Token Robin Hood
OpenAIApr 22, 20266 min

OpenAI adds WebSocket mode to the Responses API: faster agent loops are now a runtime advantage

OpenAI's April 22 engineering post matters because it moves the conversation beyond model IQ and token pricing. The company is saying that once inference gets fast enough, agent products win or lose on transport, cached state, and how little redundant work they force through the loop.
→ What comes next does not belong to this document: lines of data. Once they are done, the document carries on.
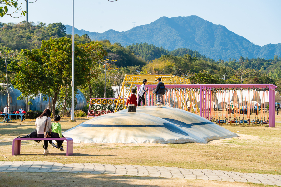 △无动力乐园:轮胎攀爬网、熊猫蹦蹦云、吊装桥、龙舟秋千、六人自行车,不充电也能快乐满分!
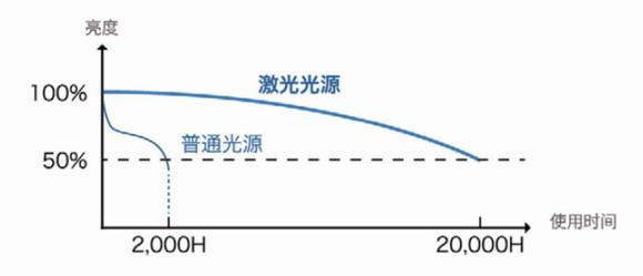 激光光源技術改變了投影產業傳統的競爭版圖,因其高亮度、高色彩還原、低能耗、體積小和長壽命的特點,在各個領域逐漸成為市場主流。激光光源支持7×24小時連續工作,能實現長達20000小時的超長壽命,是普通光源壽命的10倍。
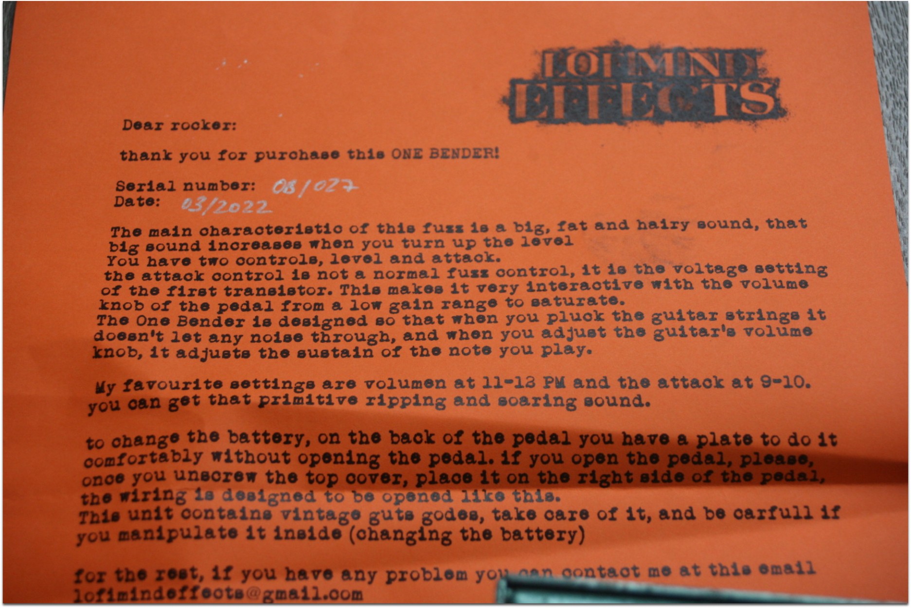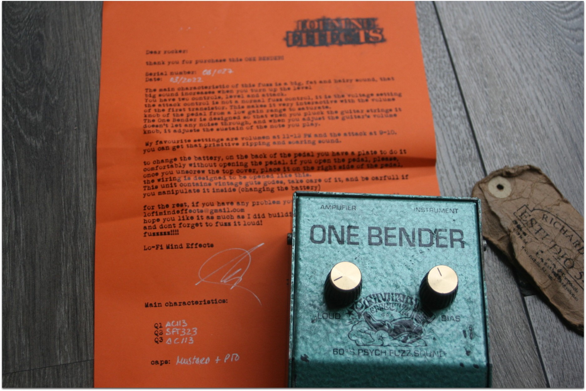ONE ONE ONE YOU ARE THE ONE THE ONE BENDER, is a unique take between the Zonk Machine and the MKI. The sound its crispy and gated, perfect for suit in vintage sounds and in modern gain bands! It includes LOUD and BIAS controls, the sound is primitive, with great accent on the blow of the pick, dirty twisted and with a lot of gain, that is to say, it is the bastard brother of the original MK1 of 1965.
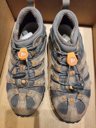 Sapatos Merrell unissexo em tons de castanho e cinza. - Design desportivo. - Fecho rápido. - Sola robusta.
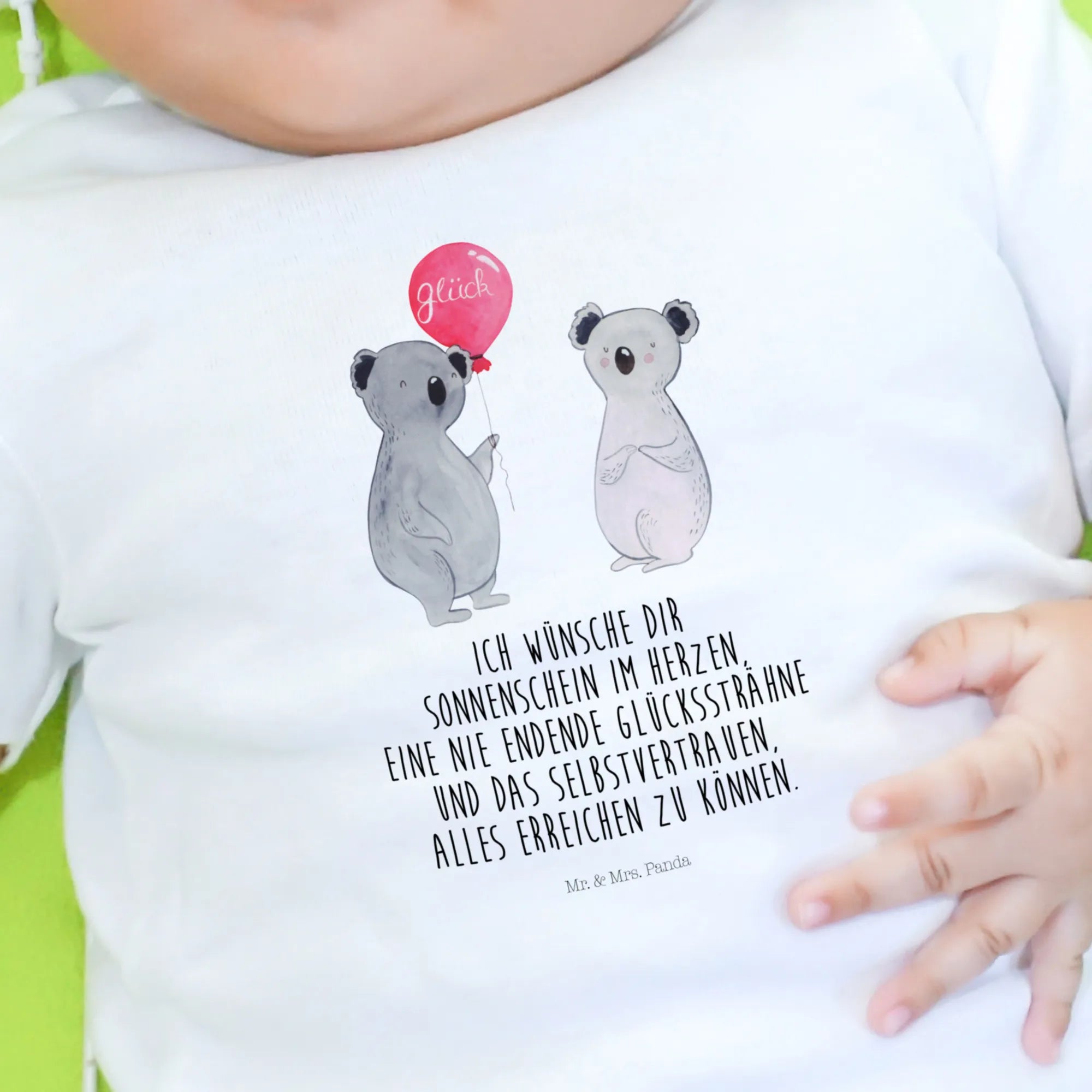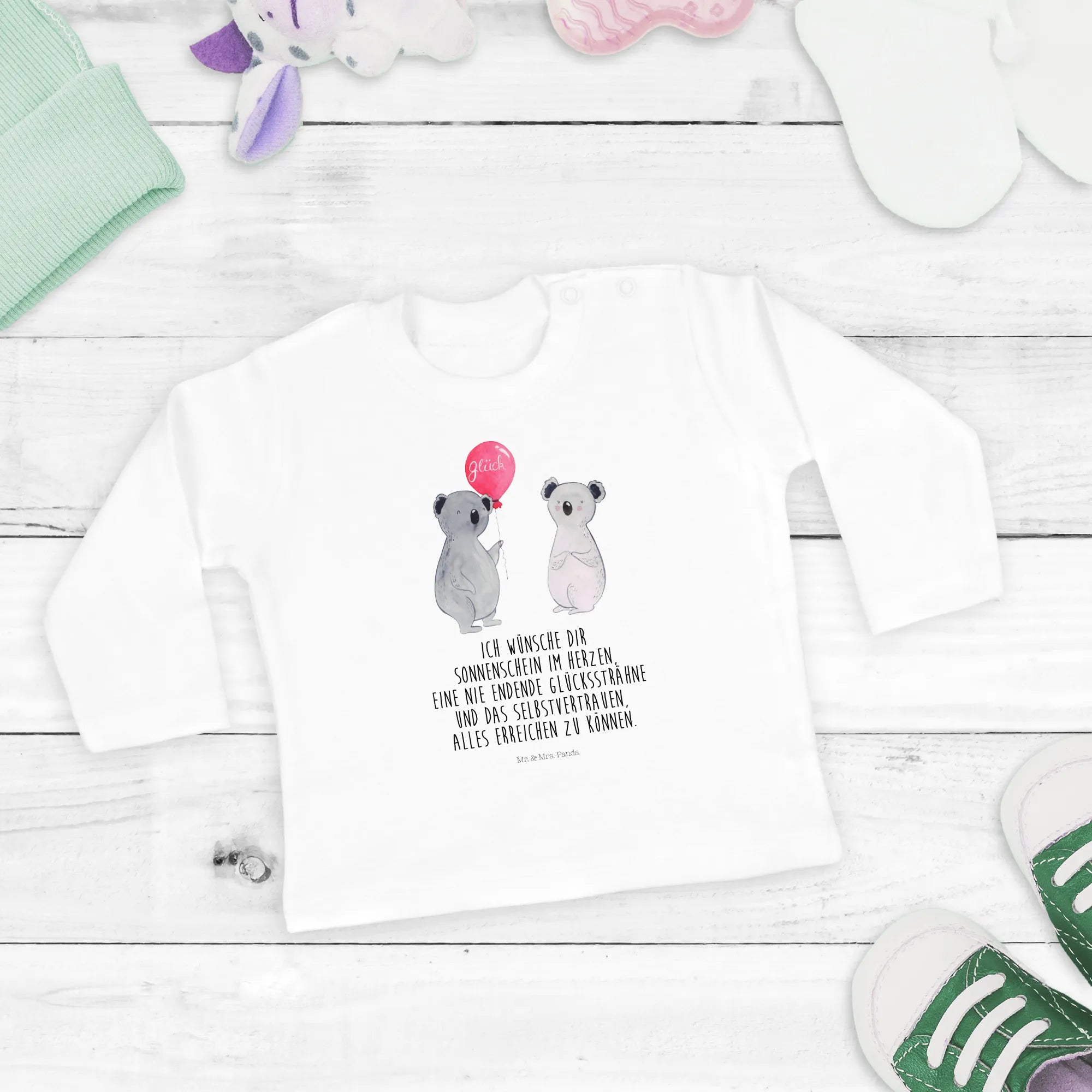 Imagine two cute koalas, bursting with happiness! One of them holds a bright balloon, embodying the joyous spirit of any celebration. This delightful motif is perfect for parties and birthdays, serving as a reminder to cherish those special moments. The slogan 'Ich wünsche dir Sonnenschein im Herzen, eine nie endende Glückssträhne und das Selbstvertrauen, alles erreichen zu können' perfectly conveys our wishes for you—may sunshine fill your heart, luck follow you endlessly, and may you believe in your dreams. This design is a sweet reminder of how delightful life can be.

What happenedOn April 22, 2026, OpenAI said WebSocket mode made Responses API agent loops 40% faster end-to-end by keeping a persistent connection and reusing previous response state.
Why builders careRepeated validation, tokenization, routing, and history rebuilds are now a visible product tax on coding agents and tool-using workflows.
TRH actionProfile your agent loop by stage and cut repeat work before chasing a bigger model budget.

What actually changed

OpenAI describes the old bottleneck clearly. A Codex-style bug-fix task can require dozens of round trips: decide the next action, call a tool, send the tool result back, then repeat. That overhead was easier to ignore when models generated around 65 tokens per second. It became much harder to hide once OpenAI pushed GPT-5.3-Codex-Spark toward 1,000 tokens per second.

The fix was not a new prompt trick. It was a transport change. OpenAI kept a persistent WebSocket connection alive, cached reusable response state in memory, and let follow-up requests continue through previous_response_id instead of rebuilding the whole conversation every time.

Why this is bigger than one API feature

This is an important builder signal because it makes agent speed a systems problem. OpenAI says the WebSocket version reuses prior input and output items, tool definitions, namespaces, and rendered tokens. It also lets the platform process only new input for some validators and safety checks instead of reprocessing the full history on every turn.

That is exactly where many agent products leak time and money. The visible invoice says "tokens." The hidden bill shows up as repeated context shaping, repeated validation, extra API handshakes, and slow tool-result handoffs. Faster models expose those mistakes.

What the launch results mean

OpenAI says alpha users saw up to 40% workflow improvements and that Codex moved most of its Responses API traffic onto WebSocket mode. The company also says Vercel, Cline, and Cursor reported material latency gains after integrating it. The practical takeaway is simple: runtime plumbing is now part of the competitive surface for coding agents.

For TRH readers, this is the same lesson behind why agentic AI feels expensive and runtime design for production agents. If every tool turn rebuilds too much state, your users will feel the drag before they notice the model got smarter.

What builders should do next

Measure one real agent workflow and split latency into four buckets: model inference, API overhead, client-side tool time, and post-processing. If the same history or tool schema is being revalidated on every turn, fix that first.

Then make three architecture checks. Keep conversation state incremental where possible. Separate tool execution latency from model latency in your dashboards. And decide where persistent connections make sense instead of defaulting to stateless request chains for long-running loops.

The point is not that every agent needs WebSockets tomorrow. The point is that transport and state reuse now directly shape user-perceived intelligence. When inference accelerates, waste in the loop becomes the product.